Those of you who don’t reside in my neck of the woods (which, I presume, would be the vast majority) are probably unaware that the world temporarily ended at approximately 8:30 AM on Tuesday, January 17, 2017. That’s almost the precise moment when the networks of both AT&T and Version ceased to function. I know because I was on my phone when the call “failed”. And when I tried to call back, it “failed” again. And when I checked my service dots (‘cause iPhones don’t have bars), I had one . . . which immediately changed to those words no one wants to read.
I didn’t know what to do since a lack of cell phone service basically shuts you off from the rest of the world. Even if you have a land line (which we do and for which I am now eternally grateful) most of the rest of the world has decided cellular devices trump hardwired phones. I may be able to call them, but they can’t answer me. But then I didn’t know if it was out everywhere or if my phone had just died, never to be revived. Getting another one is easy enough. Time-consuming and frustrating, but simple compared to repairing the whole rest of the world. Unfortunately, a few land line calls confirmed the worst—an area-wide outage.

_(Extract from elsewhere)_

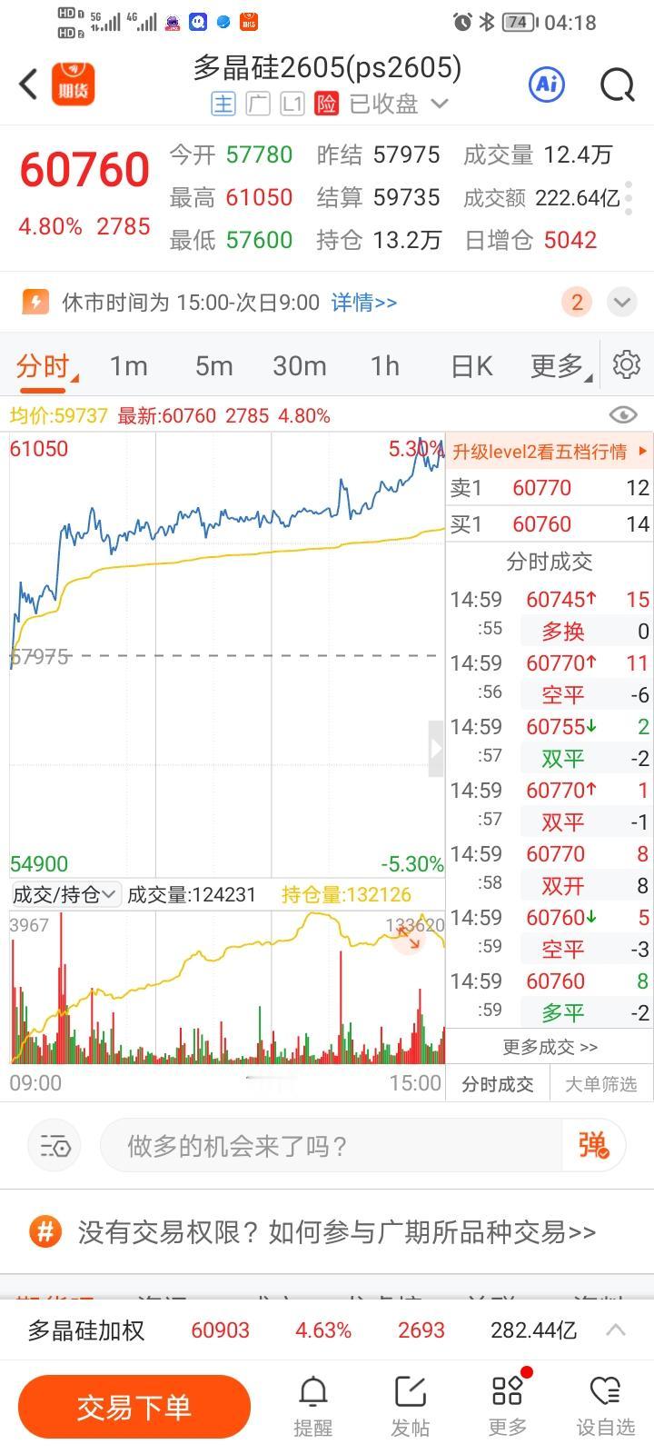 我精准预判了市场,却被规则截断了财路。 此前一段时间,多晶硅价格暴涨,随后在高位盘整。许多散户觉得久盘必跌,便打算做空。而我分析认为强者恒强,于是转而做多。谁料到昨天下单时,我才发现自己被交易所的5手下单限制给拦住了。散户没那么多资金一下子买5手,也不敢下重注。 这5手下单限制拯救了不少看空的散户,却也挡住了我这种看多散户的财路。今日多晶硅就涨了4.8%,看多的散户只能干瞪眼,真是欲哭无泪啊。
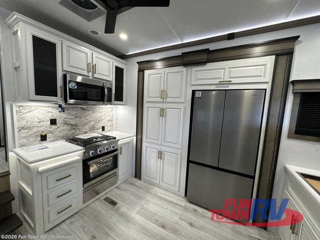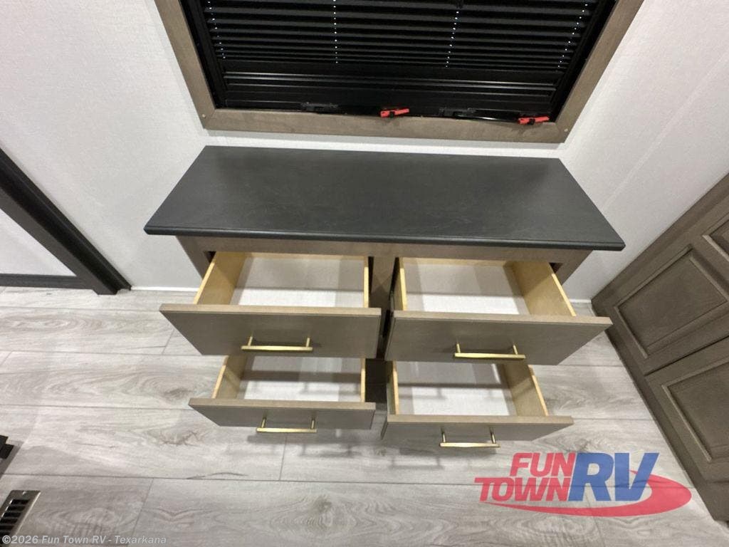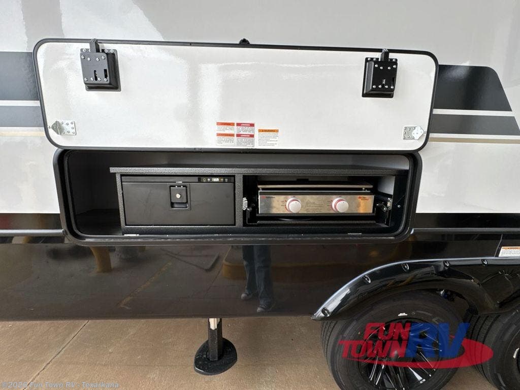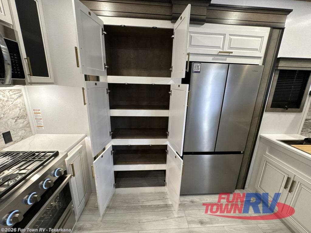 Life will be easier at the campground in this fifth wheel with five slides and an outdoor kitchen! The spacious full bathroom has a 48" x 30" fiberglass shower with a seat and skylight above, a linen closet to keep your towels close, and a stylish sliding door. The bedroom has a king bed slide with storage underneath across from a dresser with a 32" HDTV, as well as a large closet and an additional closet with stackable washer and dryer prep. The chef can prepare their best meals with extra counter space provided by the roll-out counters and the glass top range with a convection microwave, plus there is a pantry and a pivot dinette to enjoy your meals at. The front of this fifth wheel is where it stands out above the rest; there is a spacious living area with two hide-a-bed sofas, power theater seating, and a private front office, complete with a desk, storage, and counter space!

That could have presented a major problem when our housekeeper came running in to inform me that our backflow preventer was busy dumping water all over the floor of the mechanical electrical room. If the only employee who knew what to do hadn’t been in the building we’d have been forming a bucket brigade to try and keep the flood waters from spilling into the hallway and beyond, ‘cause there was no reaching him on his cell phone. We couldn’t have called the plumber, either.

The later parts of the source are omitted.